И я постоял молча, отворачиваясь, пряча лицо. Подышал поглубже, справился. Нина Борисовна сказала, точно ничего и не было:
– Давайте завтракать.
И мы сели за стол на кухне, стали есть яичницу с колбасой. Я только все косился, как Яков Юрьевич управляется одной рукой: берет хлеб, откусывает, кладет ломоть на стол; этой же рукой берет вилку, ест яичницу. Они разговаривали о чем-то и смеялись, и я разговаривал, и тоже смеялся. Чувствовал я какую-то надежную уверенность во всем. Она была и той, которую я всегда ощущал, увидев Ермаковых, и чем-то слегка другой. Последнее время, особенно в самый последний год, я должен был думать наперед решительно обо всем, даже поражался, помню, когда ребята в школе говорили:
– Я забыл, а мама не напомнила.
Я просто не имел права ни о чем забывать. А тут ко мне вдруг будто снова вернулось детство, когда сам ты можешь жить и радоваться, одна у тебя обязанность – вести себя нормально, а уж обо всем другом подумают за тебя старшие, теперь вот – Нина Борисовна и Яков Юрьевич. Будто даже усталость я вдруг почувствовал, а ведь выспался я ночью отлично…

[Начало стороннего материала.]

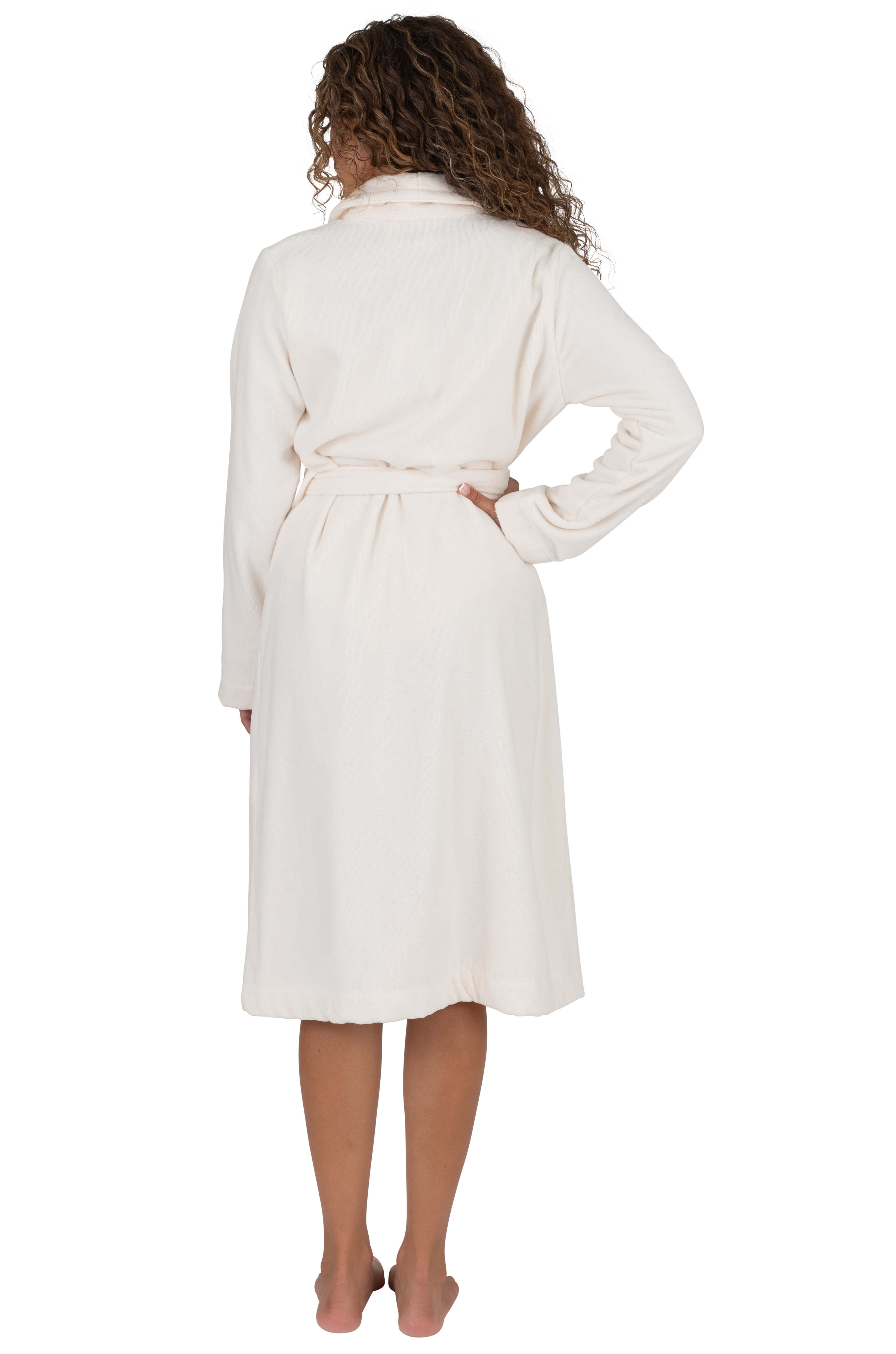 Terry Wrap Short Belted Bathrobe Ivory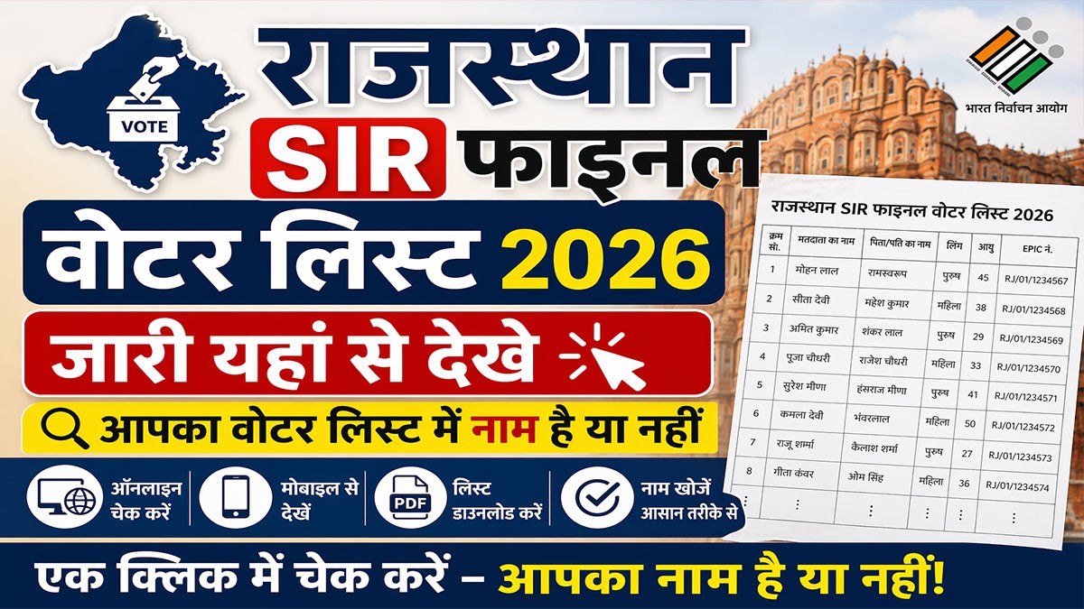 Rajasthan SIR Final Voter List 2026: राजस्थान SIR फाइनल वोटर लिस्ट 21 फरवरी 2026 को जारी कर दी गई है। अब मतदाता यह चेक कर सकते हैं कि उनका नाम अंतिम मतदाता सूची में शामिल है या नहीं।

– Ну, Иван, здравствуй! – сказала мне Нина Борисовна, а я увидел, что все они молча и внимательно смотрят на меня.
– Здравствуйте, – ответил я и даже не улыбнулся, поскольку ничего смешного в том, что мы с Ниной Борисовной поздоровались, не было. Посмотрел на Татьяну. – Мы с ней думали после вашего приезда перебраться в комнату мамы. Теперь мою то есть. Конечно, вчетвером, может, и тесновато будет…
– А мы все время вчетвером жили, – быстро сказала Нина Борисовна.
– Да! – сказал Яков Юрьевич, и глаза у него опять были озорными.
– Мы бы с Татьяной пожили у вас хоть месяц, а? Если, конечно, Татьяна не будет возражать.
– А, доченька? – спросила Нина Борисовна.
– Да, интересно: будет она возражать или нет? – сказал Яков Юрьевич.
– Получается, что мы с Татьяной пытаемся взгромоздиться вам на плечи… – начал я.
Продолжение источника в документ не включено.